Bob Simpson

No. 70
- Positions: FW • tight end • defensive back

Personal information
- Born: April 20, 1930 Windsor, Ontario, Canada
- Died: November 28, 2007 (aged 77) Ottawa, Ontario, Canada
- Listed height: 6 ft 0 in (1.83 m)
- Listed weight: 205 lb (93 kg)

Career history
- 1949: Windsor Rockets
- 1950–1962: Ottawa Rough Riders

Awards and highlights
- 2× Grey Cup champion (1951, 1960); 7× CFL East All-Star (1951, 1952, 1953, 1956–1959); Ottawa Rough Riders #70 retired; Ottawa Rough Rider record, most career touchdowns (70);
- Canadian Football Hall of Fame (Class of 1976)

= Bob Simpson (Canadian football) =

Canadian football player (1930–2007)

Robert L. Simpson (April 20, 1930 – November 28, 2007) was a professional Canadian football player for the Ottawa Rough Riders, and was elected to the Canadian Football Hall of Fame in 1976. He was an IRFU all-star at four different positions throughout his career and was a two-time Grey Cup champion, winning with Ottawa in 1951 and 1960. He also represented Canada in basketball at the 1952 Summer Olympics in Helsinki.

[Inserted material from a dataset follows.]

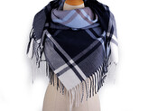 Velký teplý šátek / pléd s třásněmi, jenobarevný, káro 100x105 cm - 1 ks - 9 modrá tmavá modrá

He was the Rough Riders nominee for the Schenley Most Outstanding Player in 1956, Schenley Most Outstanding Canadian Award three times, and was Most Outstanding Canadian runner-up in 1956. Over his career with the Rough Riders, Simpson caught 274 passes for 6,034 yards and 65 touchdowns. On defense, he recorded 18 interceptions for 192 return yards and three touchdowns while on punt returns, he had 53 returns for 376 yards (7.1 yard average) and one touchdown. He was the first Rough Riders player to record 1000 receiving yards in a season, doing so in 1956.

He was named to the Ottawa Sports Hall of Fame in 1967 and the Windsor/Essex County Sports Hall of Fame Museum in 1982.

Simpson represented Wellington Ward on Ottawa City Council from 1960 to 1963.

==Olympic basketball==

He was part of the Canadian basketball team that competed in the 1952 Summer Olympics which was eliminated after the group stage in the 1952 tournament. He played five matches.